Transantral or transnasal endoscopy can help visualize the posterior edge of the fracture, when dissecting soft tissue and inserting the implant, combined with the transorbital approach (Woog, Arch Ophthalmol 1998 & Shi, J Craniofac Surg 2012).
- Transcutaneous medial canthal tendon incision (Timoney, Ophthal Plast Reconstr Surg 2012)
- Medial eyelid crease incision can be adequate for access to superior medial wall fractures.
- Lynch incision or use of overlying traumatic facial laceration
- Transconjunctival with lateral canthotomy/cantholysis is often used when there is associated orbital floor fracture and more inferior medial wall fracture.
- Bicoronal incision is often used when other associated facial fractures are present (nasoethmoid or Lefort III).
Endoscopic endonasal approach alone has been described, but a rigid reconstruction of the medial wall defect is not performed, so late enophthalmos has been noted for larger fractures (Kim, Ann Plast Surg 2012).

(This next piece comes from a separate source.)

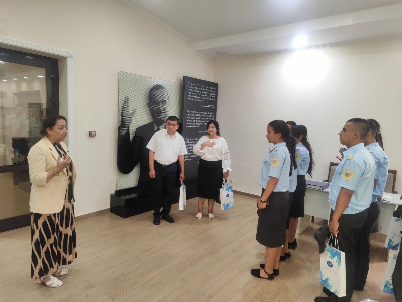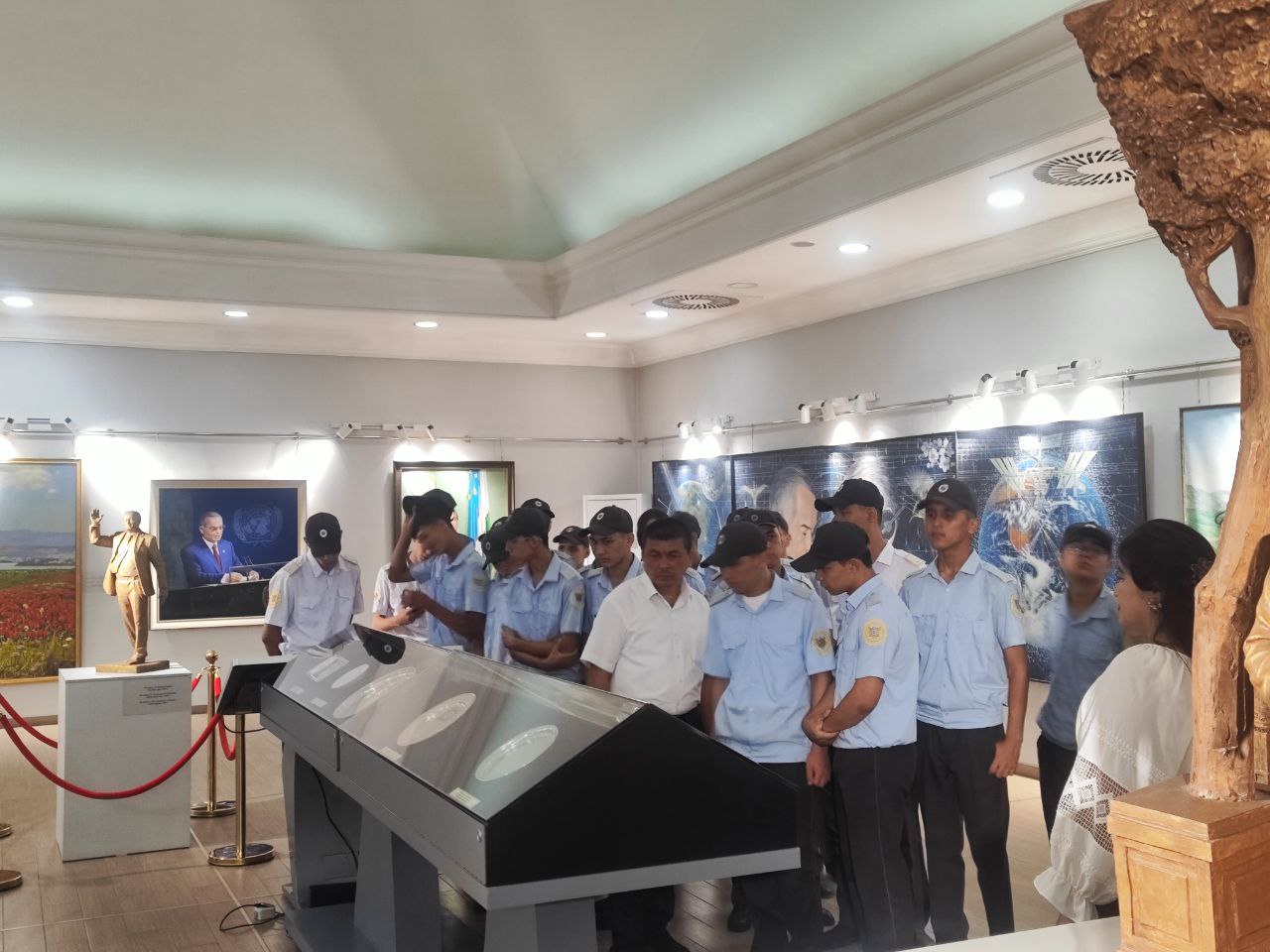 Гостями комплекса стали также учащиеся 1-го Ташкентского академического лицея при МВД Республики Узбекистан. Осматривая экспозицию «Сердце, вместившее Вселенную» ребята живо интересовались, представленной в фото-материалах, хроникой первых лет независимости, когда благодаря мудрой политике Первого Президента удалось избежать гражданских войн, внутренних противостояний. Для них это – наглядный урок мужества, смелости, решительности. И именно такими качествами должны обладать будущие защитники правопорядка.

The anterior and posterior ethmoid arteries are frequently visualized and require cauterization or ligation.
The posterior edge of the implant should be shaved and tapered to protect against compressive optic neuropathy should there be posterior migration of the implant.

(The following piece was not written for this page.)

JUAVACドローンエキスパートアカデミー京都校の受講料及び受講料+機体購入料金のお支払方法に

Biomedical glue can be used to fixate the implant against the bony edges.
Systemic corticosteroids and antibiotics should be prescribed postoperatively for 3–5 days to minimize the morbidity from postoperative edema.
Careful release of entrapped tissue:
- Forced ductions at the start, during, and after placement of the implant with comparison to the opposite orbit to achieve equivalent globe motility by the end of the case
- Might require removal of bony fragments to fully release adherent or entrapped tissues
Placement of implant to reproduce the anatomic position of the medial orbital wall:
- The implant margins should rest on secure bony ledges surrounding the defect tapering posteriorly to avoid abutting the optic nerve.
- Endoscopic endonasal visualization can be useful to ensure correct placement.
- Anterior implant fixation to the orbital rim with one screw is usually sufficient to avoid posterior implant migration.
- Many surgeons will not fixate a medial orbital wall implant due to difficulty in finding thick, stable bone anteriorly that will support a screw.
- Maintaining the correct alignment with respect to the orbital floor is critical to restoring normal orbital volume.
- Intraoperative CT is becoming more readily available to assess for proper implant placement and contour.